CEO Alan:  It’s a loaded question, Dick.  If your premises are correct, with 70 million shares, our present market capitalization is $2.1 billion.  With your cataclysmic projections, we’d blow that to $1.3 billion and change, and I’d be on a railroad to nowhere, picking tar and feathers off my tired body.  

COO Pete:  I feel like Alice in Wonderland, listening to this conversation.  I’ve been with this company for 25 years, and I’ve never been more excited about a development breakthrough than the one Sheila has outlined.  With fast changing technology, this would really put us ahead of the curve.  But I’m afraid I’m too unsophisticated to understand why a commitment to that program would blow 40% of our market value.  I would think that this prospect would enhance it.

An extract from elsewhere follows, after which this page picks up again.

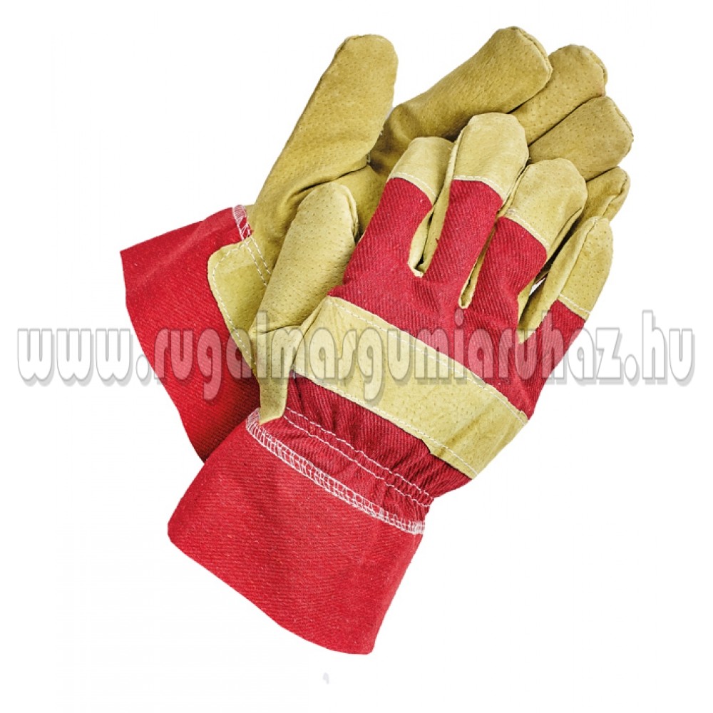 Hasított sertésbőr tenyerű, valamint fehér pamutszövet kézhátú és mandzsettájú melegen bélelt kesztyű. 1 csomagban 12 pár kesztyű található.

            I’ve put every nickel of my cash bonuses for 10 years into this company’s stock, as well as subscribing to the limit on the stock-purchase program.  I’d be prepared to bet what really is my net worth on such an opportunity. If the money-changers and the analysts are too short-term to see that, the hell with them!  Take the punishment for a few years, and then when the earnings go over $3 a share, tell them to stick it in their ear!

Besides that, your precious P/E ratio is another device that financial types use to fool people.  I just saw a feature article in The Wall Street Journal that calls it “a moving target” and asks the question, “What is the P/E ratio?”  Well, depends on what is meant by “earnings.”  I liked the next line best:  “Earnings before bad stuff.”  I can remember Alan warning us about the non-repetitive annual events.  Handling surprises was part of profit planning until you guys figured out how to x-out the bad stuff by changing definitions.  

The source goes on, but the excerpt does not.